You don’t need to be a rocket scientist to know that music is a wonderful thing. But being a neuroscientist might help, at least according to Oliver Sacks. Sacks, it’s true, is no ordinary scientist, and his latest collection of essays, “Musicophilia: Tales of Music and the Brain,” is not simply a dry scientific exploration of the connection between neurology and music, as we might expect from other scientists-turned-writers. Rather, it is an original, elegantly crafted, and inspiring investigation of the distinctly human obsession with all things musical.
“What an odd thing it is,” Sacks writes, “to see an entire species—billions of people—playing with, listening to, meaningless tonal patterns, occupied and preoccupied for much of their time by what they call ‘music.’” Sacks tries to get to the root of this peculiarity by bringing us into the eccentric, sometimes tragic, and sometimes moving world that he first introduced in books like “Awakenings” and “The Man Who Mistook His Wife for a Hat,” a world populated by Sacks’s patients, many of whom have neurological disorders like amnesia, Parkinson’s, Tourette’s, aphasia, and autism. Sacks believes that through the experience of these patients we can witness, in its most basic forms, the “wonderful machinery” that gives rise to human beings’ love of music.
Over the course of the essays, Sacks introduces a range of bizarre and captivating characters. For example, there is the former college football player who, after getting hit by lightning (literally), becomes possessed with an “insatiable desire” to listen to and compose classical music; the elderly woman haunted by vivid “musical hallucinations” of lullabies from her childhood; the Tourette’s patient who finds an outlet for his tics by playing the piano; and the severely amnesiac musician who, despite having only a seven-second memory, can still find peace of mind by playing music. Sacks treats all these cases with a mixture of compassion, humor, and curiosity. He is especially careful not to turn his patients into objects of detached scientific study, always emphasizing their humanity and his own emotional investment in their cases.

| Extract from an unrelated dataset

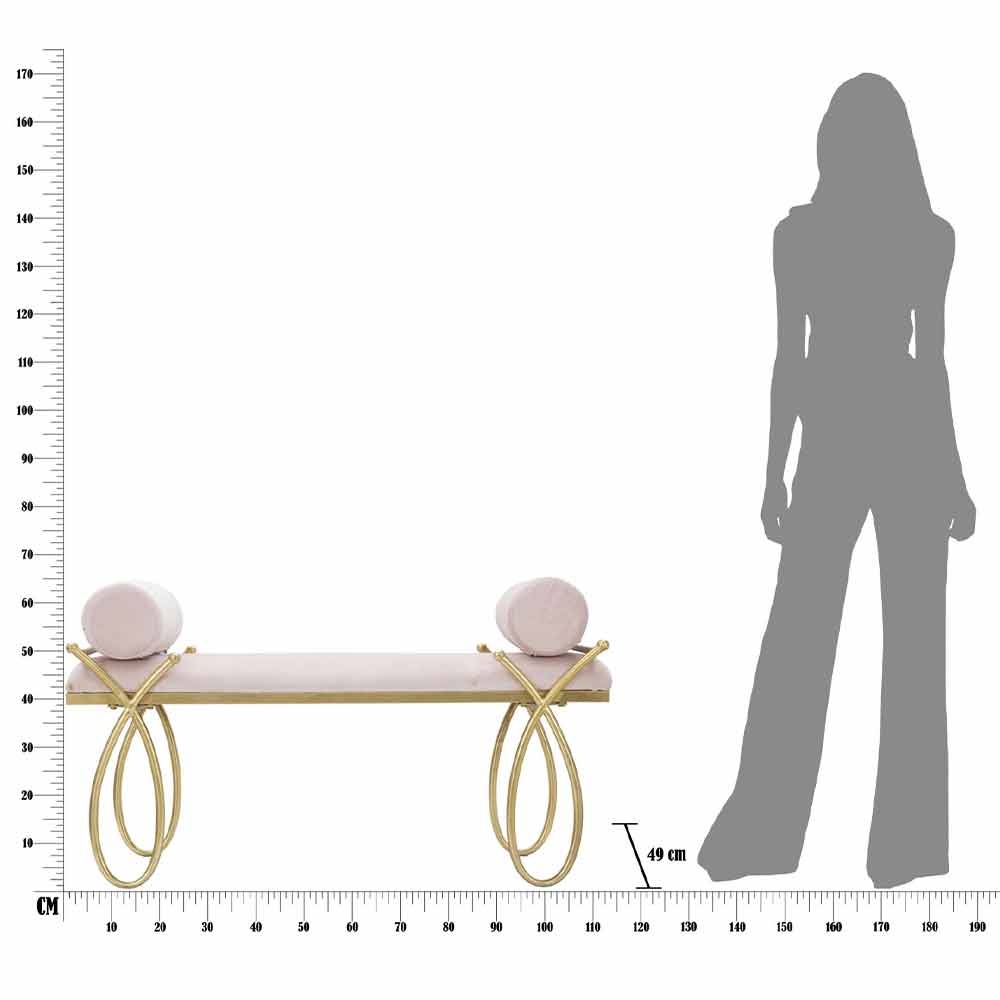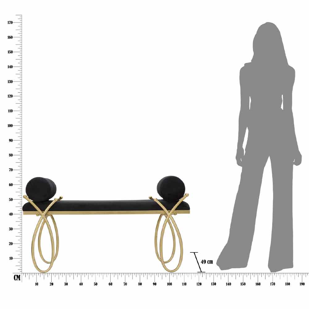 Panca rettangolare 112,5X49X53 cm di design moderno in ferro, MDF e tessuto.

The essays are filled with easily understandable background scientific information as well as fascinating anecdotes about writers, philosophers, musicians, and composers. It might strike you to learn that John Stuart Mill, for example, turned to music to help ease his chronic depression, or that Ravel, Stravinsky, and Berlioz all composed original music in their dreams. Sacks also includes anecdotes about his family, childhood, and personal love of music throughout the book. His own “musicophilia” is always apparent, as are his curiosity and personal investment in the subject.

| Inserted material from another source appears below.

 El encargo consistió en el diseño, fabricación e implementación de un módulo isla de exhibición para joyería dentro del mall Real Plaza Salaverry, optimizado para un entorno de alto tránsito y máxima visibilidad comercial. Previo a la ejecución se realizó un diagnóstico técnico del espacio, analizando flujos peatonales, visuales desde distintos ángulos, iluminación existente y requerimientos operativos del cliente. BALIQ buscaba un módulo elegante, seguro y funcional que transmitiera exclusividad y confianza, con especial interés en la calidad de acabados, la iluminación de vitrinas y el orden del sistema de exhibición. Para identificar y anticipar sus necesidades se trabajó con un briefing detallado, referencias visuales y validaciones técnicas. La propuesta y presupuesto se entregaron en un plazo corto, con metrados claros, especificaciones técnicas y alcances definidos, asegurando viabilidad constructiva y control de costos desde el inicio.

Still, some of the scientific discussions can become tedious, especially in the more medically complex cases. And not all of the essays rise to the level of the true gems of the collection—though such a goal might be impossible in a book of 29 essays. But Sacks maintains such a consistently fluid and engaging writing style that even the weaker essays are still enjoyable to read.
In any book that blends art and science, there is always a danger that the discussion will fall into the could-a-monkey-and-a-typewriter-reproduce-Shakespeare trap, that the author will try to quantify artistic expression into a set of scientific facts and data. But Sacks is not interested in reducing musical creativity to the firing of neurons or the flowing of hormones. He has a deep sense of respect for the unique possibilities of artistic expression and claims, quoting Schopenhauer’s assertion that “the inexpressible depth of music [is] so easy to understand yet so inexplicable.”

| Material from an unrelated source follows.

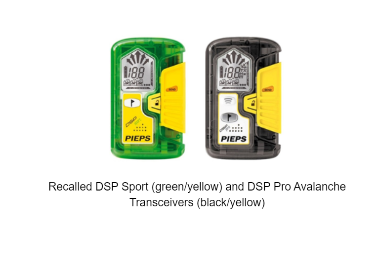 #Recall: @blackdiamond PIEPS DSP avalanche transceivers can switch modes resulting in loss of communication, severe bodily harm; one death reported. Free hardcase. CONTACT: 866-306-0865 or https://www.blackdiamondequipment.com/en_US/content/DSP-recall/ …. Full recall notice: https://bit.ly/3tebF0v pic.twitter.com/SJoSDjE0Ug
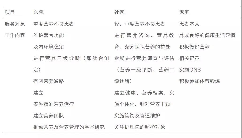 醫院、社區(衛生服務機構)、家庭在整個營養管理系統中既相互聯系、但又相互區別,表1總結了不同單位的角色定位、服務對象、工作內容。HCH模式不僅僅適用于營養管理,同樣適用于各種慢性病管理。

Indeed, Sacks never really provides a scientific answer to the question of what draws human beings to the “odd thing” that is music. Instead, he uses his knowledge of science and medicine to chronicle the many ways music, with all its ambiguities, can influence our lives. It may be telling that Columbia University, in addition to giving Sacks a professorship in clinical neurology and clinical psychiatry, recently appointed him to the newly created position of “Columbia artist.” Perhaps, though we’re often taught to believe otherwise, it does take a scientist to provide new depth to one of the oldest forms of artistic expression.